Tiongkok Mencuri Data dari Negara Barat dengan Menginterupsi Lalu Lintas Internet

Meskipun mantan Presiden AS Barack Obama dan pemimpin Tiongkok Xi Jinping telah menandatangani perjanjian untuk kedua negara tersebut mengakhiri peretasan demi keuntungan komersial, Partai Komunis Tiongkok (PKT) tidak menghentikan kegiatan spionase. Ia hanya menggunakan metode pencurian yang lain.

Menurut laporan terbaru dari Military Cyber Affairs, sebuah jurnal yang diterbitkan oleh Asosiasi Profesional Cyber Militer (Military Cyber Professionals Association), rezim Tiongkok telah beralih dari menggunakan serangan siber ke metode mencuri dengan mencegat informasi rahasia yang ditransfer melalui internet.

Pelaku utama yang terlibat dalam operasi ini adalah China Telecom, sebuah perusahaan telekomunikasi milik negara Tiongkok. Para penulis laporan Chris C. Demchak dari Akademi Angkatan Laut AS dan Yuval Shavitt dari Universitas Tel Aviv menyatakan bahwa PKT kemungkinan menggunakan China Telecom daripada perusahaan telekomunikasi utama Tiongkok lainnya seperti Huawei dan ZTE karena kontroversi seputar keduanya yang terjadi pada saat itu.
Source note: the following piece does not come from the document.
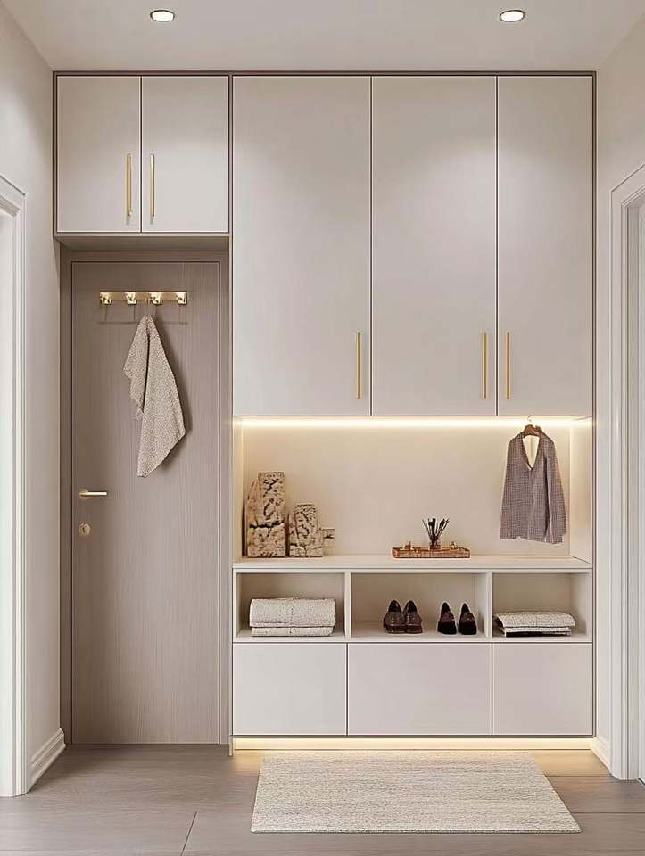 ตู้เก็บรองเท้าทางเข้าในร่มแบบกำหนดเองทันสมัยดีไซน์เฟอร์นิเจอร์ไม้หรูหรา

Meskipun dimiliki secara pribadi, kedua perusahaan tersebut memiliki hubungan erat dengan rezim Tiongkok. Produk-produk mereka telah ditolak oleh pemerintah di seluruh dunia karena risiko spionase dan pelanggaran keamanan nasional.

Meskipun perjanjian Obama dan Xi Jinping tahun 2015 tersebut pada awalnya secara signifikan telah menurunkan serangan langsung pada jaringan komputer, “ia tidak melakukan apa pun untuk mencegah pembajakan faktor penunjang utama (backbone) internet vital untuk negara-negara Barat.”
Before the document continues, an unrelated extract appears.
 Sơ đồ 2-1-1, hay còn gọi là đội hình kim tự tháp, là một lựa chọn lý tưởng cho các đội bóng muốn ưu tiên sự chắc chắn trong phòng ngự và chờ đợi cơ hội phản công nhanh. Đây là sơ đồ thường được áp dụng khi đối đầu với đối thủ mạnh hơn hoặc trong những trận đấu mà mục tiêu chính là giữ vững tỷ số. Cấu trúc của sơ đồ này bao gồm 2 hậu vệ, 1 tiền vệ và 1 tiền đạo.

“Secara nyaman dan menguntungkan, China Telecom memiliki 10 ‘point of presence’ (PoP) internet yang dikendalikan secara strategis di seluruh backbone internet di Amerika Utara,” kata laporan itu.

PoP adalah titik akses lokal yang menghubungkan para pengguna dari satu area ke bagian area internet lainnya.
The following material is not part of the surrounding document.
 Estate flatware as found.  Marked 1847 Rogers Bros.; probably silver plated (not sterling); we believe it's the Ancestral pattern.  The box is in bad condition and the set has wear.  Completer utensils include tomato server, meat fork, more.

China Telecom telah membajak data melalui PoP-nya di infrastruktur internet Amerika Serikat dan negara-negara barat lainnya, kemudian mengalihkan lalu lintas internet tersebut melalui Tiongkok untuk “penggunaan jahat.” Laporan tersebut mencatat bahwa node (titik redistribusi atau titik akhir komunikasi) internet yang digunakan dalam bentuk pencurian ini berlokasi “di seluruh dunia termasuk Eropa dan Asia.”

“Penghargaan-penghargaan besar dapat diperoleh dari pembajakan, pengalihan, lalu menyalin lalu lintas yang kaya dengan informasi yang masuk atau melintasi Amerika Serikat dan Kanada, sering tanpa diketahui dan kemudian disampaikan hanya dengan jeda waktu sedikit,” menurut laporan tersebut.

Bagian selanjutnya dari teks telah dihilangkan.